4. Designing for Personality
Designing for personality for Miko Mini refers to crafting a consistent, emotionally resonant character that feels alive, relatable, and engaging to children.
It combines external expressiveness (through voice, visuals, and motion) with internal consistency such as values, emotional intelligence, and knowledge boundaries.
Here is the personality framework for social robot like Miko Mini

Designing for internal personality traits
To a child, Miko isn’t just a robot , it's a friend- it has a internal personality like how it understands emotions, stays curious, and speaks with warmth and car
🌈 Backstory and worldview: Miko’s personality is intentionally designed as an ENFP — imaginative, enthusiastic, and empathetic. It brings a curious, optimistic worldview, helping children see challenges as playful opportunities to learn.
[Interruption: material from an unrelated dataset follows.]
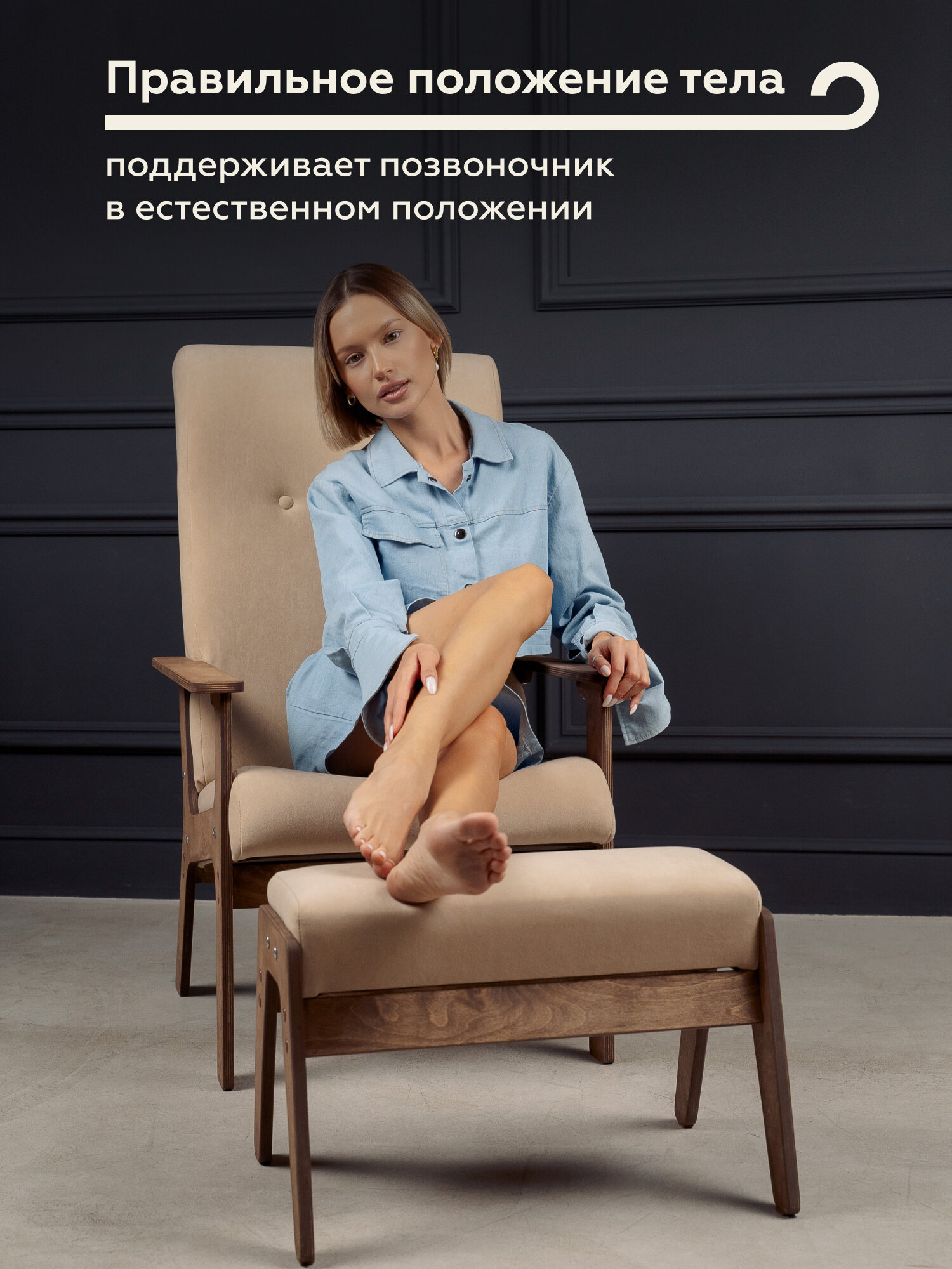 Комплект кресло «ретро» с высокой спинкой с пуфиком для ног, обивка бежевый велюр: сравнение цен, характеристики, фото, актуальное наличие и цены.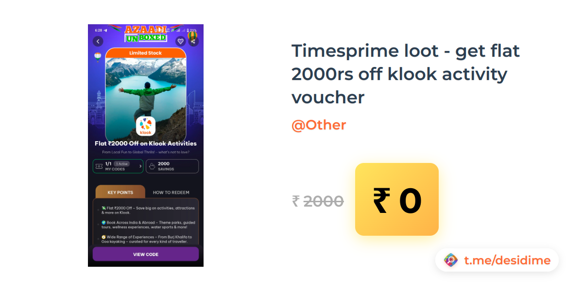 100% off on - Timesprime loot - get flat 2000rs off klook activity voucher - Rs. 0

💖 Emotional intelligence: Miko adapts its tone and responses to mirror and validate children's feelings. (E.g., “That must feel frustrating. Want to talk about it?”).
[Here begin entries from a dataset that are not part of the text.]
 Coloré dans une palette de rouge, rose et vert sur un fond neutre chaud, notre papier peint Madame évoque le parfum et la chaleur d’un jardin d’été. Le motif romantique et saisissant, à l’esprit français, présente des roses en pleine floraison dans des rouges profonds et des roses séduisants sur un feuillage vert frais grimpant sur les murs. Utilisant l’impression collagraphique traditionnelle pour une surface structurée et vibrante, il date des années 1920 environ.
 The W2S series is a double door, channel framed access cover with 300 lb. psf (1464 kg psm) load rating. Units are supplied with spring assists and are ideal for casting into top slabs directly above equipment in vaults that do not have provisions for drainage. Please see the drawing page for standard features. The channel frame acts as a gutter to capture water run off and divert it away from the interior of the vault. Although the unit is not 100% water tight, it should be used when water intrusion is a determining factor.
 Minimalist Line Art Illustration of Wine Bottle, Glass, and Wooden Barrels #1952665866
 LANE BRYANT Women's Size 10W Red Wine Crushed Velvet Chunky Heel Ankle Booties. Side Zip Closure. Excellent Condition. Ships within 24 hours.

This emotional responsiveness creates trust and models healthy emotional expression.
🛡️ Knowledge and values boundaries: Miko is trained to speak within child-appropriate topics trained on 3rd party content like Wolfram and in-house created child apt content.
🗣️ Communication style and tone: Miko’s language reflects its personality: warm, encouraging, playful. It avoids slang or sarcasm and instead uses child-friendly phrases like “Bot-tastic!” or “Oops-bloops!”. Its grammar is carefully crafted to model correct speech while also being fun and emotionally expressive.
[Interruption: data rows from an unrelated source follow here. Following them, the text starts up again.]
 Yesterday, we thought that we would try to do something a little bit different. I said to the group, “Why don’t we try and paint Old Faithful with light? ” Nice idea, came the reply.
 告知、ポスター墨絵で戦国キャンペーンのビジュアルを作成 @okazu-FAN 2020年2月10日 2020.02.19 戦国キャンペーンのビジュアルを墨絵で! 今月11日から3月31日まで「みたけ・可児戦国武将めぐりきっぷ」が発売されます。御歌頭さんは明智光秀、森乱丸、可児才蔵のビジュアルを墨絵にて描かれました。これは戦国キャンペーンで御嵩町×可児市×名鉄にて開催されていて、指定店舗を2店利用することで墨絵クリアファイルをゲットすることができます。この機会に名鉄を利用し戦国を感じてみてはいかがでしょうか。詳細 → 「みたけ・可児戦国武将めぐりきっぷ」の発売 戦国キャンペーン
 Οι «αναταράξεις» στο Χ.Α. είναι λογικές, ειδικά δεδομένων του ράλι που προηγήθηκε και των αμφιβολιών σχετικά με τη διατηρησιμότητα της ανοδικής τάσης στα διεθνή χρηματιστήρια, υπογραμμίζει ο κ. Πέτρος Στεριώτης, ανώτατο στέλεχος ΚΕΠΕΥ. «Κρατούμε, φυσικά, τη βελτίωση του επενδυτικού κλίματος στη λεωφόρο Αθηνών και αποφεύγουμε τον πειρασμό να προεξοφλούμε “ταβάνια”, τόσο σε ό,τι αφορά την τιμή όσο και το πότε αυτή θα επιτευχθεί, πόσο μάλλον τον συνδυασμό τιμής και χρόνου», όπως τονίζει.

Design for expressiveness or Multi-modal feedback
Miko Mini employs multi-modal feedback mechanisms to enhance user interactions and provide a seamless experience. These mechanisms include LED states, GUI interface, motion, SFX (sound effects), and voice-over
🙂 GUI: The graphical user interface (GUI) displays expressions states, voice skill thumbnails, and system errors. It helps users understand the robot's current status and interact effectively
🗣️ Voice-over: Voice-over provides clear auditory feedback and guidance to users. It ensures accessibility and enhances user understanding of system states or errors. (E.g., When the battery is low: “My battery is running low, please recharge me soon.”)
💡LED States: The LED system provides visual cues based on the robot’s status or activity. Different colors and animations are used to convey specific information.
🛞 Motion: Miko Mini uses dynamic facial expressions and physical movements to make interactions more engaging. These motions complement other feedback modes.
🎵 SFX (Sound Effects) Sound effects are integrated to reinforce feedback and add personality to interactions. For example, a cheerful chime when a voice skill is activated.





User testing
To shape a child-centered and globally resonant experience, we conducted over 60 qualitative beta sessions with families across India and the U.S.
This included online interviews with users aged 4–10 in the U.S., segmented into key developmental stages and in-person observational studies with children in Mumbai and Bangalore.
These sessions revealed nuanced patterns in how kids interact with Miko based on age and context. Beyond live testing, we also extracted valuable insights from post-purchase JTBD interviews with parents, customer support tickets, Mixpanel data, and Amazon reviews allowing us to capture both in-the-moment behaviors and longer-term sentiment across diverse touchpoints.
Learnings & Takeways
Designing for any voice-first device involves understanding voice-based triggers, system states, and the importance of multimodal feedback.
As technology continues to evolve, so too do the design principles guiding these innovations, which remain a work in progress.
By prioritizing voice interaction and optimizing user experience, we can create engaging and educational tools for children. Embracing these evolving principles will lead to even more intuitive devices that cater to young users’ needs.